Weekend Argus (Saturday Edition)
Don’t burn down house we live in, warns Jansen on varsities
THE future of South Africa’s universities are at stake and are being undermined by outside forces.
The dire warning comes from Professor Jonathan Jansen, former vice-chancellor of the University of Free State and now at the Faculty of Education at Stellenbosch University.
In the second release this week of his book, As By Fire, which takes a critical look at the country’s universities, Jansen said forces undermining campuses were leading to the end of South African universities.
“It is the end of our universities as we know them. I have looked at forces which have brought down universities in Africa, including Uganda, Kenya and Tanzania.
“This includes chronic underfunding by the state, chronic instability on campuses and attacking the autonomy of universities where the state takes over the core functions. When these conditions prevail, it doesn’t take long for universities to collapse.
“And with a president who says there’s free education, it is very difficult to predict a stable year ahead,” said Jansen.

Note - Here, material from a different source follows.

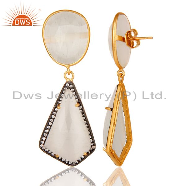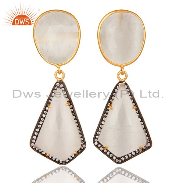 Handmade 925 Sterling Silver White Moonstone & White Zircon Designer Earrings

Since the book was released in July last year, unrest on campuses continues to simmer and President Jacob Zuma upped the ante on the eve of the ANC elective conference last month when he announced that free education would be available in 2018 for “students currently enrolled in TVET colleges or university students from SA households with a combined annual income of up to R350 000”.
This was quickly followed by the EFF urging prospective students to arrive at campuses for registration, despite tertiary registration taking place via an online process.
Across the country hopeful students have formed long queues outside tertiary institutions as the academic year opened this week, and in Durban this was compounded with strikes by Unisa and Durban University of Technology staff.
Negotiations to resolve the strikes at both institutions collapsed this week and are due to continue next week.
Jansen’s book includes interviews with 11 vice-chancellors from the country’s top universities and he added that turmoil on the campuses will lead to the loss of paying students from the middle class, resignations from highly qualified academic teaching staff and a decline in valuable research output.
“There will no longer be a vibrant academic culture,” he warned.
Highlighting that students do have legitimate concerns about the affordability of ter- tiary education, Jansen said that the NSFAS scheme to assist poorer students was simply not sufficient in terms of the “explosive growth” in the numbers and needs of students over the past 15 years.
Looking ahead to the 2018 academic year, he said: “The students are not back yet in full force, but there is a constant rolling national protest of student demands. We need a political leader in the country to settle down our public institutions.
“A lot depends on whether Cyril Ramaphosa’s leadership is able to offer us some kind of respite. We need a political settlement between the leadership and student bodies. Don’t burn the house we live in.”
In the book, Jansen examined the issues at hand from the point of view of a vice-chancellor and, being a scholar at heart, he considers the social, economic, political, cultural and historical within student activism.
While he has empathy for the power of the student voice, Jansen is critical of activists’ unwillingness to engage in debate.